_Aim of the task_: Using the data below, reproduce exactly the lines from the line with "Take a unique" to the line with "When the Shang", both included; pictures must be dropped.

_Entries provided_:
************

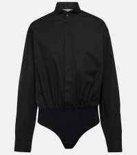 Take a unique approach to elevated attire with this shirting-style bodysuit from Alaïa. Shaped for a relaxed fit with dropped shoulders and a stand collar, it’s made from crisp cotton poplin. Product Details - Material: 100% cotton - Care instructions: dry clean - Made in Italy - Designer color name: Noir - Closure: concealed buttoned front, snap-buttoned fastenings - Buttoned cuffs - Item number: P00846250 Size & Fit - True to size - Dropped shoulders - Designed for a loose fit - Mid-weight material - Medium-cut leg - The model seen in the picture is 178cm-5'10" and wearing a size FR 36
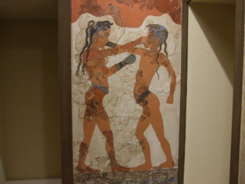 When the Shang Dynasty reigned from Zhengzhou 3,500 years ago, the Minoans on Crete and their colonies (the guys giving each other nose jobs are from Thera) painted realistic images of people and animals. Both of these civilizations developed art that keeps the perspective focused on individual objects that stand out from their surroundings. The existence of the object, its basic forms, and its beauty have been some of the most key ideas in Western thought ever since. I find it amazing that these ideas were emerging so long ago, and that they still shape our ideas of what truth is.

************

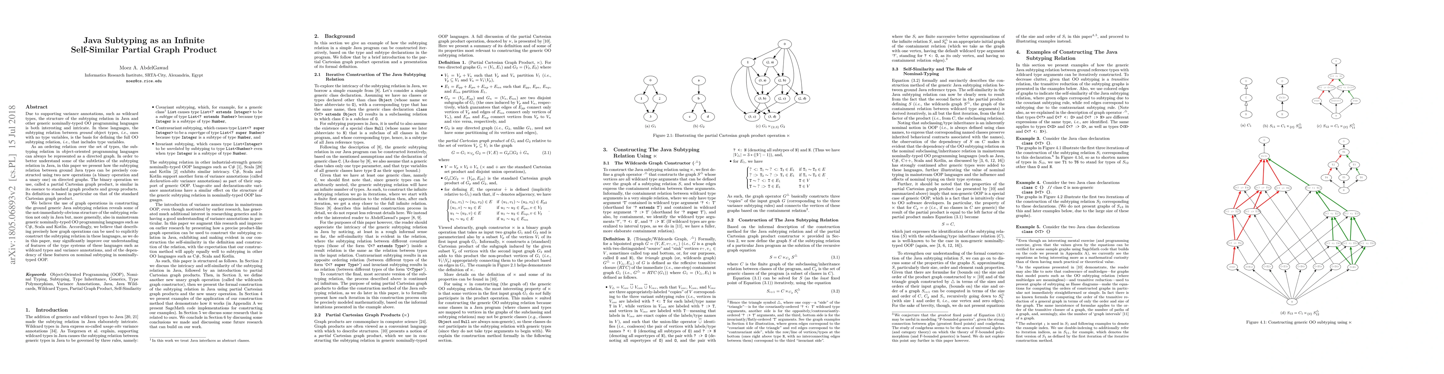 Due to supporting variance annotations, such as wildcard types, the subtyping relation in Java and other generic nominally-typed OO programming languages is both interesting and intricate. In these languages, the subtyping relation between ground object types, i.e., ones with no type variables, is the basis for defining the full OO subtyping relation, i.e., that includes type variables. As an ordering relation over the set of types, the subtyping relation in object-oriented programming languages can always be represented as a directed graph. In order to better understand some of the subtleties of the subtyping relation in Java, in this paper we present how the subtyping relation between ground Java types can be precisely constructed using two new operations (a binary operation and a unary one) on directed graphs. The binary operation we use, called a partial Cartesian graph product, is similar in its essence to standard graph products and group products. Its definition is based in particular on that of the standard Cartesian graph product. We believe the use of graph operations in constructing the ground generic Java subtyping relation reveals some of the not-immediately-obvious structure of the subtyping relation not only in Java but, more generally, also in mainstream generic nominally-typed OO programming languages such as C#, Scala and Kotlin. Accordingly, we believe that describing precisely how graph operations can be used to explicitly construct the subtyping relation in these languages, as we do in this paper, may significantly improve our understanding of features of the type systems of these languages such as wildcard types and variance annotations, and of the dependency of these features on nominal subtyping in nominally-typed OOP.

************

_Expected answer_:
 Take a unique approach to elevated attire with this shirting-style bodysuit from Alaïa. Shaped for a relaxed fit with dropped shoulders and a stand collar, it’s made from crisp cotton poplin. Product Details - Material: 100% cotton - Care instructions: dry clean - Made in Italy - Designer color name: Noir - Closure: concealed buttoned front, snap-buttoned fastenings - Buttoned cuffs - Item number: P00846250 Size & Fit - True to size - Dropped shoulders - Designed for a loose fit - Mid-weight material - Medium-cut leg - The model seen in the picture is 178cm-5'10" and wearing a size FR 36
 When the Shang Dynasty reigned from Zhengzhou 3,500 years ago, the Minoans on Crete and their colonies (the guys giving each other nose jobs are from Thera) painted realistic images of people and animals. Both of these civilizations developed art that keeps the perspective focused on individual objects that stand out from their surroundings. The existence of the object, its basic forms, and its beauty have been some of the most key ideas in Western thought ever since. I find it amazing that these ideas were emerging so long ago, and that they still shape our ideas of what truth is.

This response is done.